Child Tax Credit and Solutions to Global Poverty


SEATTLE, Washington — On May 17, 2021, the Biden Administration announced that about 39 million American families will begin to receive child benefit payments under the COVID-19 relief bill. This new Child Tax Credit will work to help decrease child poverty and family financial struggles in the U.S.

Starting in July, eligible families will receive $3,600 for children less than six years old and $3,000 for older children. This money will be split into monthly payments for a year. This new Child Tax Credit is an increase from the previous one, which allowed only $2,000 per child.

According to Columbia University’s Center on Poverty and Social Policy, this expansion will cut U.S. child poverty in half. The recent implementation of this policy has sparked international discussions surrounding cash transfer solutions to global poverty. This follows the work of many other countries that have implemented similar cash transfer programs during the pandemic.

How the Plan Works

The revised credit plan includes a $100 billion expansion to the original program. It will issue monthly incremental payments of $250 to $300 per child. Additionally, couples who make up to $150,000 as a couple and single-parent families who make up to $112,500 are eligible for the program. These payments are sent out via checks, debit cards or direct deposits with fully refundable credit.

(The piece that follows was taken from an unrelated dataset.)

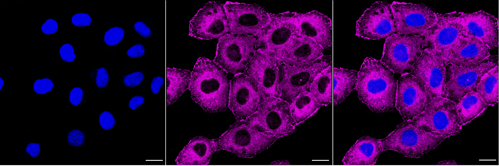 Immunocytochemical staining of HT-1080 cells with CAP1?antibody. Nuclei were stained blue with DAPI; CAP1 was stained magenta with Alexa Fluor? 647. Images were taken using Leica stellaris 5. Protein abundance based on laser Intensity and smart gain: Medium. Scale bar, 20 μm.

The Impact of Child Tax Credit in the United States

The 2021 Child Tax Credit is expected to cover 88% of children in the United States, lifting an estimated 4.1 million children out of povertyAccording to University of Notre Dame Professor James Sullivan, American families near the poverty line could see a 25% increase in their income during the second year of the program. Further, the revised program will also decrease the poverty rate gap between white children and Black and Latino children.

International Comparisons

The Brookings Institute called the revised Child Tax Credit system the largest child anti-poverty investment since Head Start in 1965. Similarly, the New York Times called it a policy revolution. Thus, the new monthly payments have sparked international analysis among those searching for solutions to poverty worldwide.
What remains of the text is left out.